Here is something nvitop can do:

  1. Select a process and then press the <Enter> key. The metrics-watching screen will update at an interval of 1/4 sec.

Process Metrics Screen
Watch metrics for a specific process (shortcut: Enter / Return).

  1. Use nvitop.ResourceMetricCollector, see Resource Metric Collector for more information.

If you are working on a delay-sensitive application, I strongly suggest you use a proper profiler rather than a monitor.


FYI, the true interval is defined by TTLCaches. They always run at intervals of 1 second.

Personally, I do not prefer float intervals.

  1. The CLI UI is updated at intervals of 1/4 second. Any interval lower than that will have no effect but will consume much more resources.

https://github.com/XuehaiPan/nvitop/blob/05284ec2f81b029aa16dbeb9487b3112319e4546/nvitop/gui/ui.py#L188-L195

  1. The API calls and communication always have delays, for example, Python <-> NVML C API, NVML C API <-> NVIDIA driver. You always get delayed and inaccurate results. Especially when your snapshot interval is small. If the delay matters (if this is why you want this feature is this PR), you should use a profiler.
Sms-Rk commented 1 year ago

we needed to accept interval less than number 1 so i did very very simple change to accept this

Hi @Sms-Rk, sorry that I'm going to close this. I'm pretty sure that this change will not accomplish your need.
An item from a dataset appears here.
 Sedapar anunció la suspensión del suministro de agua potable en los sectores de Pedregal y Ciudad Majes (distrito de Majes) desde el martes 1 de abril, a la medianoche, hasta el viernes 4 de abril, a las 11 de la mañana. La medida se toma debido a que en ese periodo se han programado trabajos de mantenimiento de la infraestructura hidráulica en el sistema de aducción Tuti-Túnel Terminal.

There is also an old discussion in #32 for a similar feature.

Here is something nvitop can do:

  1. Select a process and then press the <Enter> key. The metrics-watching screen will update at an interval of 1/4 sec.
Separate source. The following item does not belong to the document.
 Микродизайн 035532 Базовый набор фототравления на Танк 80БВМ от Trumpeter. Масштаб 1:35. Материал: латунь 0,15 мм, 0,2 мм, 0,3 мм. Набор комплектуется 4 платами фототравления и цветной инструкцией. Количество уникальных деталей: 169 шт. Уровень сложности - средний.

Process Metrics Screen Watch metrics for a specific process (shortcut: Enter / Return).

  1. Use nvitop.ResourceMetricCollector, see Resource Metric Collector for more information.

If you are working on a delay-sensitive application, I strongly suggest you use a proper profiler rather than a monitor.

FYI, the true interval is defined by TTLCaches. They always run at intervals of 1 second.

Personally, I do not prefer float intervals.

  1. The CLI UI is updated at intervals of 1/4 second. Any interval lower than that will have no effect but will consume much more resources.

https://github.com/XuehaiPan/nvitop/blob/05284ec2f81b029aa16dbeb9487b3112319e4546/nvitop/gui/ui.py#L188-L195

  1. The API calls and communication always have delays, for example, Python <-> NVML C API, NVML C API <-> NVIDIA driver. You always get delayed and inaccurate results. Especially when your snapshot interval is small. If the delay matters (if this is why you want this feature is this PR), you should use a profiler.

hi @XuehaiPan thanks for your attention ok, we need to monitor and profile SM metric faster than 1 sec , maybe 0.1 sec how can we do it?

XuehaiPan commented 1 year ago

we need to monitor and profile SM metric faster than 1 sec , maybe 0.1 sec

See my comment above. For delay sensitive use cases, you should use a proper profiling tool rather than a monitor. Profilers need in-process injection. This is not a monitor can do.

XuehaiPan commented 1 year ago

Implemented in #67.